Врач Кодрянский через минуту забыл свою обязанность и с бессарабской запальчивостью уже спорил с неким невидимым противником. По всей России теперь говорили так, будто отвечая на газетные сообщения об очередных действиях правительства.

— Мы ли, Кантемиры, не патриоты России!..

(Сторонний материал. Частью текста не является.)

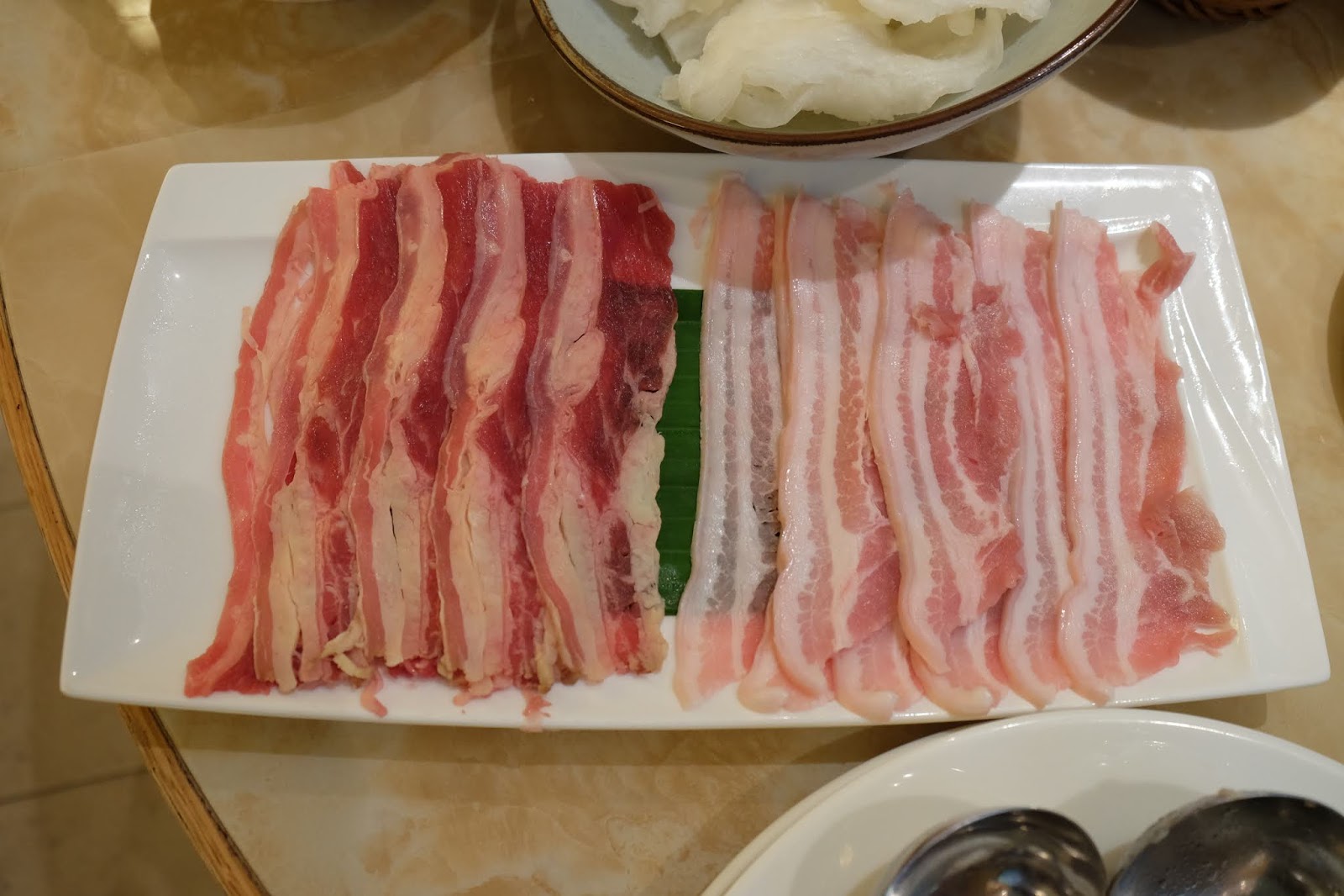 再來是安格斯雪花肥牛及西班牙黑豚肉,牛肉簡單的灼十零秒,剛剛熟最好,滑溜又富肉味,而黑豚肉就有嚼口,只是對於牛魔王而言,份量有點不足,吃起來未夠過癮。

Константин Дмитриевич гордился тем, что по какой-то линии является потомком знаменитого поэта и сподвижника Петра. Правда, в доверительную минуту врач рассказывал, что чуть не половина Бессарабии состоит в кантемировских родственниках. В разговоре он не знал полутонов:

— Герой Карса и Эрзерума, генерал-аншеф Лорис-Меликов говорил при воцарении государю: «Ваше Величество, под знамя Москвы не соберете всех деятельных сил, обязательно будут недовольные. Разверните завещанный Петром штандарт империи, и всем под ним найдется место!» Но испуганный венценосец бросился в привычную с детских лет опеку Победоносцева. И граф Дмитрий Андреевич сыграл свою роль, став тут же министром внутренних дел, шефом жандармов и одновременно президентом Академии наук. Проповедуется оскорбительное для ста народов России их уничижение с обязательным восхвалением чуть ни дыбы царя Иоанна… Найдутся ли для такого правительства Лазаревы и Багратионы? Пойдет ли с охотой для их дела в глубь Азии князь Бекович-Черкасский?[103] Не говоря уж о тысячах немецких, датских, голландских и прочих офицеров и деятелей, привлеченных в Россию великим царем, в детях и внуках, считающих себя природными русскими. И даже тут, в Кустанае, какой-то негодяй Ермолаев, чтобы удобней ему было украсть, начинает отлучать их от отечества. И не он один: вон в литературе уже целая стая их заливается, начиная с присяжных историков и кончая господином Катковым[104], разжигают вражду и человеконенавистничество. А правительство поощряет это расшатывающее течение, считая его за благонадежность. Кто же больший враг России, чем эти люди?

— Вы, любезный доктор, видите только часть вопроса. — Курылев говорил с обдуманной убежденностью. — В государствах и народах, где столь велик разрыв между первобытным почти состоянием значительного большинства, родившегося крепостными, и той необходимостью развития, которую требует от великой страны история, обязательно должно происходить нечто подобное. Что половина России состоит из инородцев, лишь дополняет проблему. После смерти задержавшего ее на сто лет Николая Павловича…

— Палача всея Руси! — твердо сказал архитектор Никольский.

— Не боитесь, Андрей Григорьевич, так про царя говорить? — засмеялся Сейдалин второй. — Я же лицо официальное. Или дальше Кустаная, думаете, не пошлют? Есть еще Пишпек, Верный…

Бескровное лицо Никольского с длинными волосами от шестидесятых годов, еще больше побледнело:

— Кажется, и в правительстве еще не решаются обелять пред потомством палочного мастера. Уж слишком много всего доброго погубил он в России. Царя Ивана ведь никто еще не посмел взять себе в пример.

— Что же, и тогда государство Московское росло помимо царя Ивана и вопреки ему, — возразил Курылев. — Кто знает только, на сколько веков задержал его рост этот царь, лишившись поддержки людей типа Курбского. И поставлено государство было в конце концов на край гибели. Смутное время — оно ведь от Ивана. Беда не в том.

— В чем же она, Василий Анисимович? — спросил Алтынсарин, со вниманием переводивший взгляд с одного на другого говорившего.